The high biodiversity of the KEL zone, however, is currently being threatened by human activity; notably, the forest conversion into oil palm plantations. Greenpeace Indonesia has revealed that since 1990, around 28 million hectares of forestland, especially in Sumatra and Kalimantan, have been converted into oil palm estates. The Directorate General of Plantations stated in 2010 that more than 5 million hectares of Indonesia’s total 8.04 million hectares of oil palm estates were located in Sumatra. This area is expected to double by 2030 and triple by 2050, proportional to the crude palm oil (CPO) demand from the European Union, Asia and the Middle East.
Currently, Indonesia is the largest palm oil producer in the world. In 2011, the export value of oil palm products and derivatives reached US$11.61 billion, rising by 17.75 percent or US$2.5 billion above the 2010 level. This export value is predicted to keep growing in the coming years in keeping with the government program to raise oil palm production by 27 million tons until 2015.
Hanging on:: An orangutan looks down from the trees in the Mount Leuser National Park.Apart from exports, the domestic demand for palm oil as biodiesel material in 2012 is estimated to be 500,000 – 600,000 kiloliters, higher than the volume realized in 2011, totaling 350,000 kiloliters. The increase is due to the use of CPO in agriculture in Java of 7.5 percent biodiesel mixed with diesel oil. This mixture is also used in Bali, Madura and Sumatra.
North Sumatra University economic observer, John Tafbu Ritonga, said the palm oil industry would continue to be a reliable sector. Besides boosting production, the government should also see to it that the increased foreign and domestic CPO demand could produce a multiplier effect on the economy of communities around oil palm estates, particularly in North Sumatra.

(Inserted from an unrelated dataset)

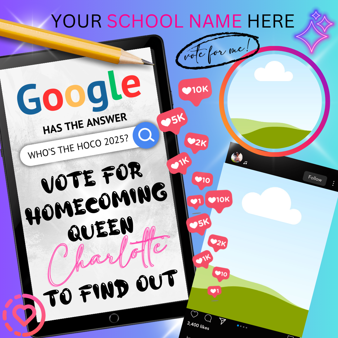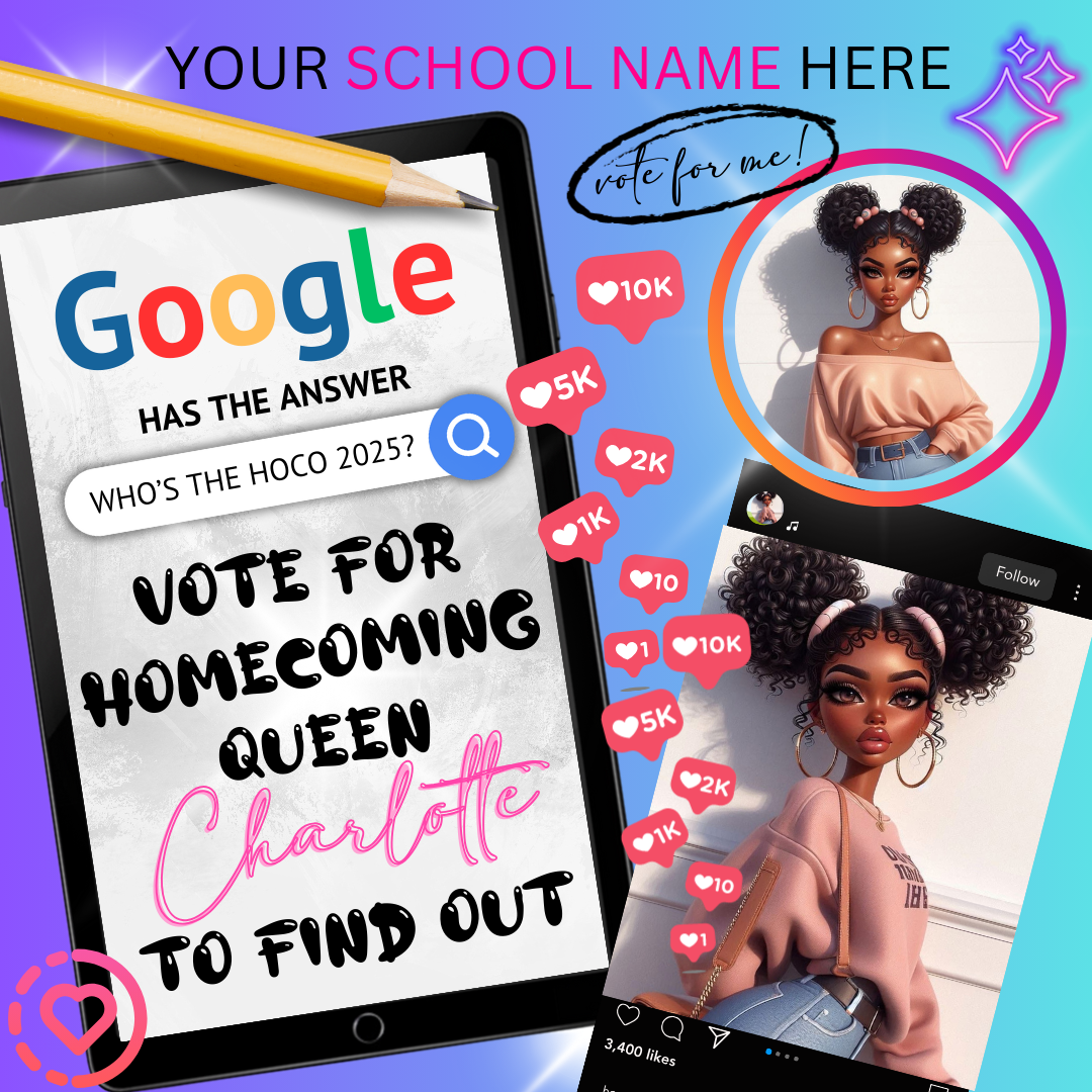 Elevate your homecoming campaign with our professionally designed Google Homecoming Flyer from MorCelebrations. Perfect for that crucial vote for homecoming queen, this campaign flyer combines eye-catching aesthetics and persuasive messaging.

“Today, what has been yielded by oil palm estates does not yet promote the welfare of their neighboring communities. Instead, the benefits are only enjoyed by the central government through the CPO export tax,” he pointed out. The high palm oil export value, according to him, was not proportional to the poverty still prevalent among people living around oil palm estates in Langkat, adjacent to the KEL.
“Economically, the rising CPO export value increases state foreign exchange revenue but, on the other hand, thousands of people near oil palm estates still have to spend a quarter of their income on the purchase of clean water,” John added.